__YOUR OBJECTIVE__.
This exercise calls for the data below to be retyped exactly, minus any images.
DATASET CONTENT: Begin
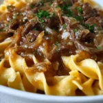 I grew up where supper was a serious affair and onions got their own weather reports — caramelized, syrupy, and worth the fuss. French Onion Beef and Noodles is basically that cozy Sunday-pot-luck energy but faster, with beef that’s been browned up and onions that turn into pure comfort (they smell like porch lights and Saturday church suppers). Small-town truth: a good pan of onions will make people forget they were hangry five minutes ago.
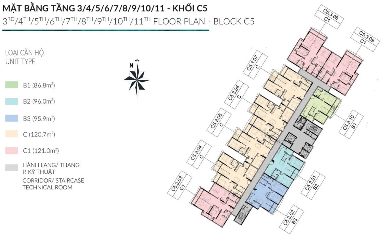 - Quy mô: 6 tháp căn hộ (C1 – C6), cao 13–14 tầng
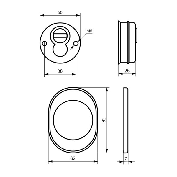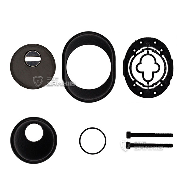 Для монтажа по диаметру протектора делается отверстие в дверном полотне. Крепится вокруг сердцевины стяжными винтами, создавая монолитную конструкцию с ней. Таким образом, протектор защищает ее вместе с точкой крепления в дверях от физических и силовых методов взлома - сверления, взлома и выбивания. Доступа к винтам крепления нет и сорвать саму броненакладку чрезвычайно сложно. Высота (или толщина) ее составляет 26,5 мм, диаметр - 50 мм. В черном цвете лучше будет дополнять двери аналогичных оттенков для того, чтобы максимально избежать контрастов и не привлекать лишнего внимания.
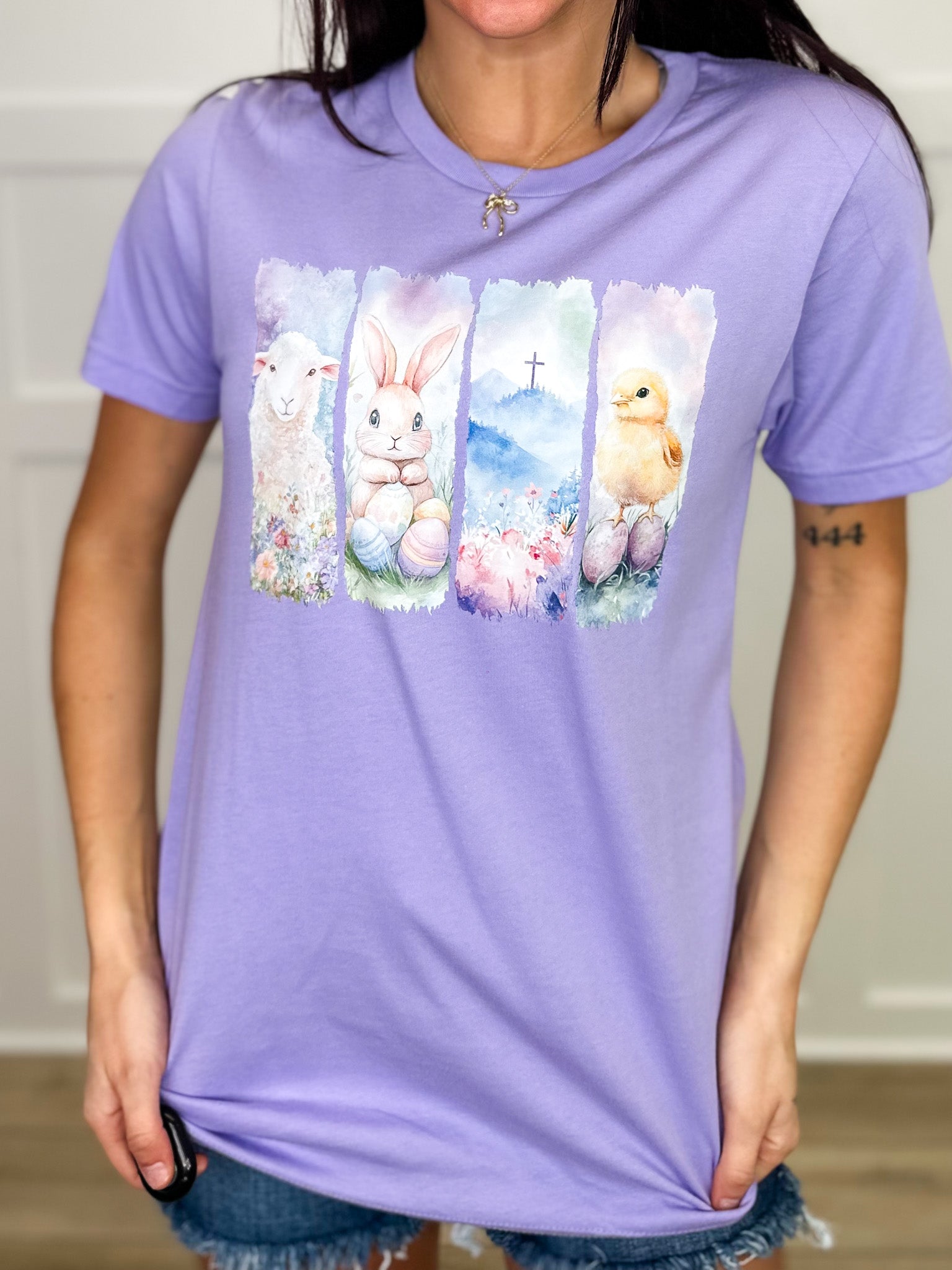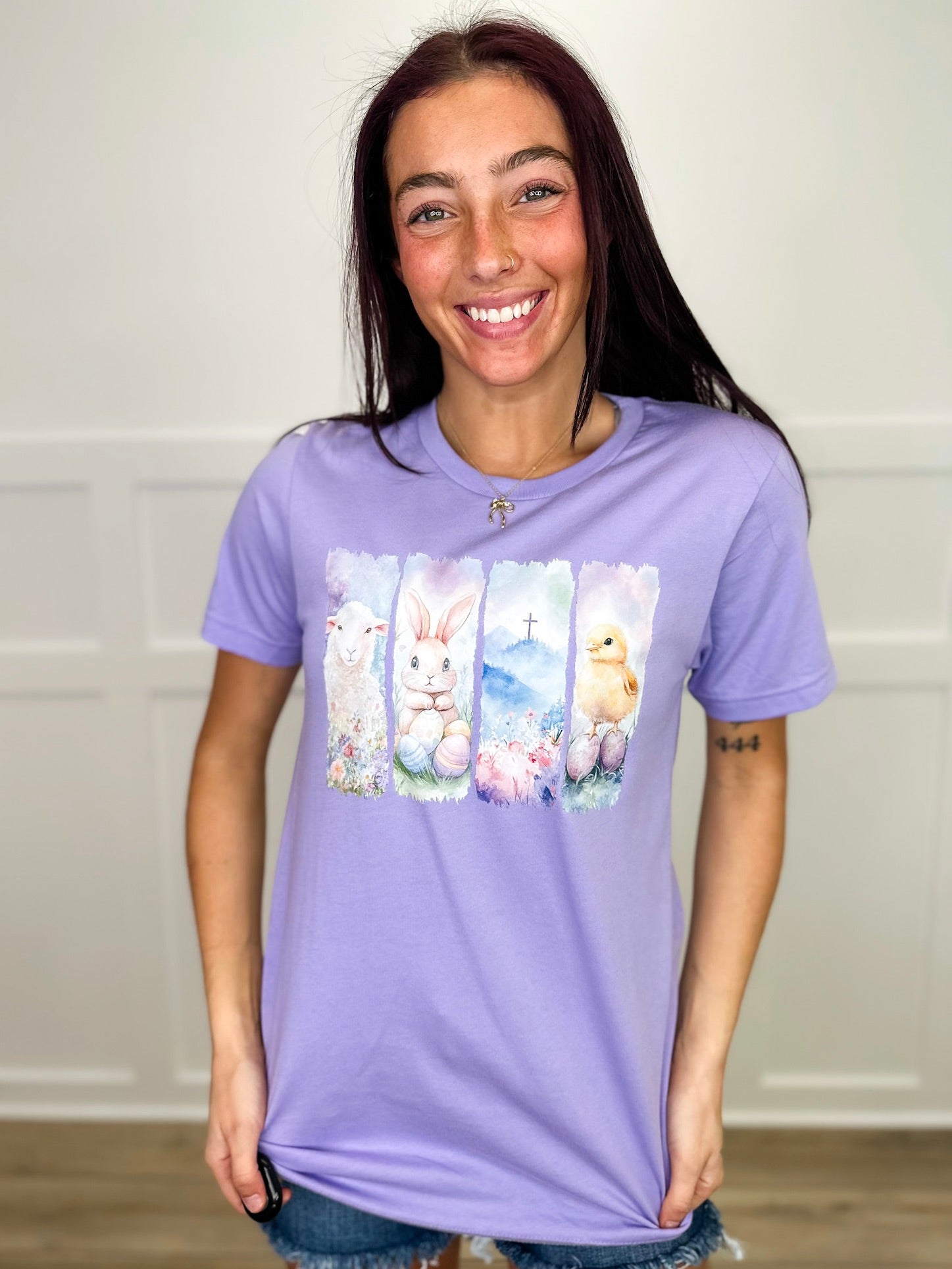 Hop into spring with this delightful cotton tee featuring a whimsical watercolor design celebrating all things Easter! Adorable illustrations of a fluffy lamb, sweet bunny, cheerful chick, and colorful eggs dance across the front in soft, artistic hues of purple and pastels. Perfect for holiday festivities, family gatherings, or anyone who loves charming seasonal style. The short sleeve cut keeps you comfortable while the graphic brings instant joy to your wardrobe. Celebrate the season in playful style!
DATASET CONTENT: End
__ANSWER TO THE EXERCISE__.
 I grew up where supper was a serious affair and onions got their own weather reports — caramelized, syrupy, and worth the fuss. French Onion Beef and Noodles is basically that cozy Sunday-pot-luck energy but faster, with beef that’s been browned up and onions that turn into pure comfort (they smell like porch lights and Saturday church suppers). Small-town truth: a good pan of onions will make people forget they were hangry five minutes ago.
 - Quy mô: 6 tháp căn hộ (C1 – C6), cao 13–14 tầng
 Для монтажа по диаметру протектора делается отверстие в дверном полотне. Крепится вокруг сердцевины стяжными винтами, создавая монолитную конструкцию с ней. Таким образом, протектор защищает ее вместе с точкой крепления в дверях от физических и силовых методов взлома - сверления, взлома и выбивания. Доступа к винтам крепления нет и сорвать саму броненакладку чрезвычайно сложно. Высота (или толщина) ее составляет 26,5 мм, диаметр - 50 мм. В черном цвете лучше будет дополнять двери аналогичных оттенков для того, чтобы максимально избежать контрастов и не привлекать лишнего внимания.
 Hop into spring with this delightful cotton tee featuring a whimsical watercolor design celebrating all things Easter! Adorable illustrations of a fluffy lamb, sweet bunny, cheerful chick, and colorful eggs dance across the front in soft, artistic hues of purple and pastels. Perfect for holiday festivities, family gatherings, or anyone who loves charming seasonal style. The short sleeve cut keeps you comfortable while the graphic brings instant joy to your wardrobe. Celebrate the season in playful style!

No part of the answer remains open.